Safe and Performant Scaling

Processing and analyzing large numerical datasets requires significant computational resources. This is typically achieved through parallelization across numerous CPU or accelerator cores spread across many machines. Therefore a fundamental goal of TensorStore has been to enable parallel processing of individual datasets that is both safe (i.e., avoids corruption or inconsistencies arising from parallel access patterns) and high performance (i.e., reading and writing to TensorStore is not a bottleneck during computation). In fact, in a test within Google’s datacenters, we found nearly linear scaling of read and write performance as the number of CPUs was increased:

Read and write performance for a TensorStore dataset in zarr format residing on Google Cloud Storage (GCS) accessed concurrently using a variable number of single-core compute tasks in Google data centers. Both read and write performance scales nearly linearly with the number of compute tasks.

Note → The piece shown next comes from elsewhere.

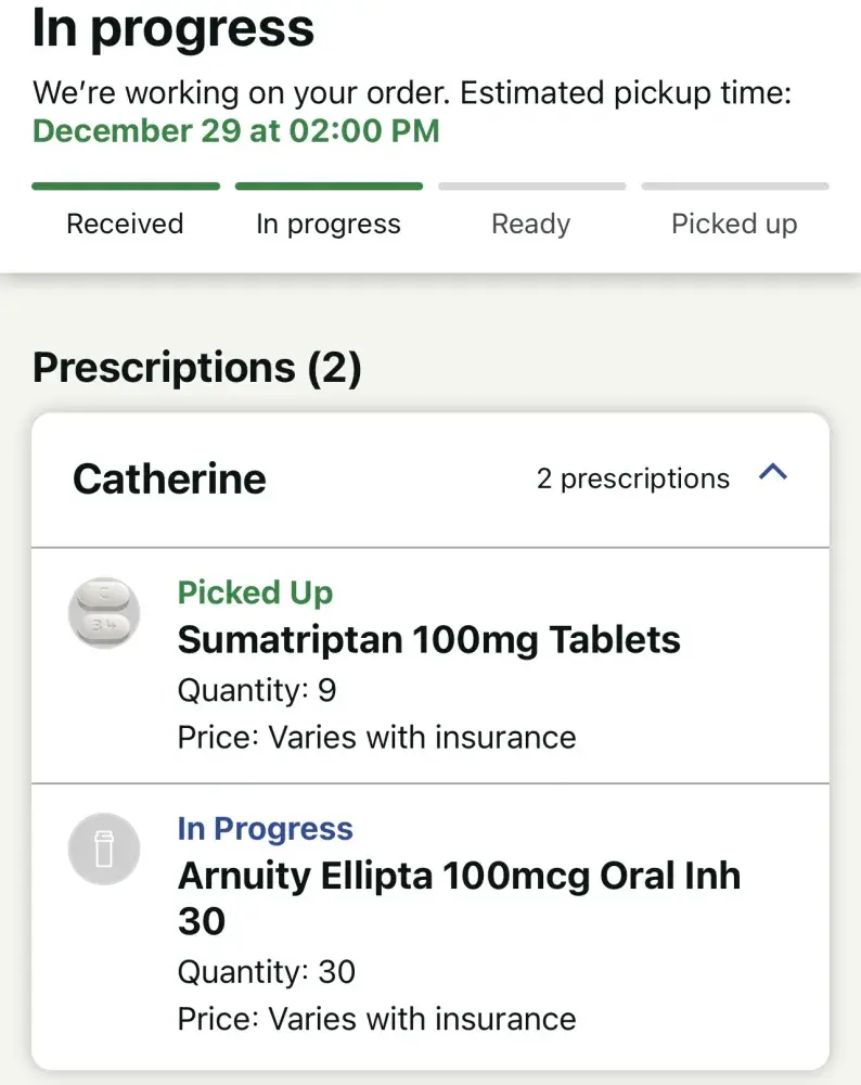 This occurred at Walgreens 9616 Harford Road, Baltimore, MD 21234. I put my prescription in for my monthly asthma medicine on December 29. The status on the app said it was "processing" and would be ready December 29 in the evening. Well that never happened. As of today it still said "processing" and another RX I had put in was just randomly canceled. I...

Performance is achieved by implementing core operations in C++, extensive use of multithreading for operations such as encoding/decoding and network I/O, and partitioning large datasets into much smaller units through chunking to enable efficiently reading and writing subsets of the entire dataset. TensorStore also provides configurable in-memory caching (which reduces slower storage system interactions for frequently accessed data) and an asynchronous API that enables a read or write operation to continue in the background while a program completes other work.

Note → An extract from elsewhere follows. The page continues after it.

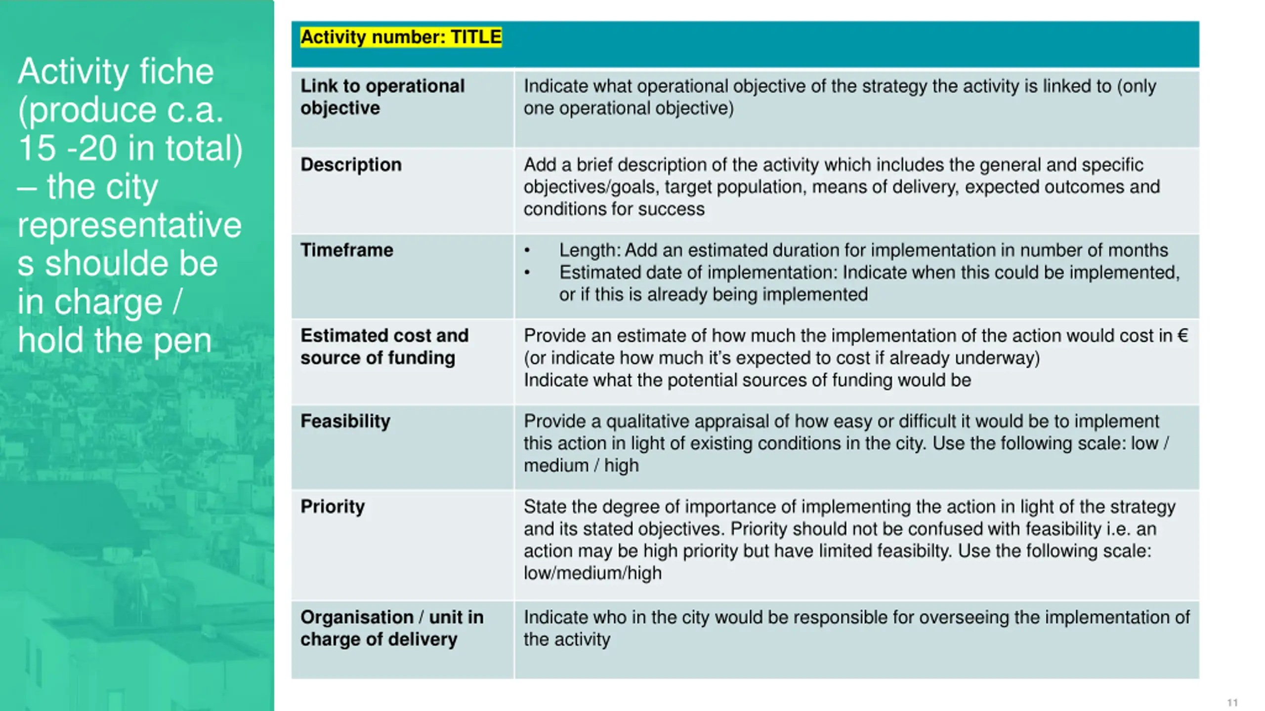 Step 3: Roadmap development What is an activity? Any strategy is implemented through specific activities An activity can be described as a tangible and concrete action, which has a beginning and an end, accompanied by a specific objective and resources for its implementation Examples of activities may include: Building or development of specific types of infrastructure Financing capacity building activities such as training sessions Launching calls for projects (e.g. research projects) Organising networking and collaboration schemes Developing data portals Providing innovation within firms through grants or loans Investment in venture capital funds / other financial instruments Your city can plan to develop new activities or build on existing ones The results of activities (i.e. outputs) are meant to contribute to reaching your operational objectives. Common activity outputs may include: Individuals with strengthened digital skills Research projects conducted Firms financed / volume of financing Infrastructure developed 10

Safety of parallel operations when many machines are accessing the same dataset is achieved through the use of optimistic concurrency, which maintains compatibility with diverse underlying storage layers (including Cloud storage platforms, such as GCS, as well as local filesystems) without significantly impacting performance. TensorStore also provides strong ACID guarantees for all individual operations executing within a single runtime.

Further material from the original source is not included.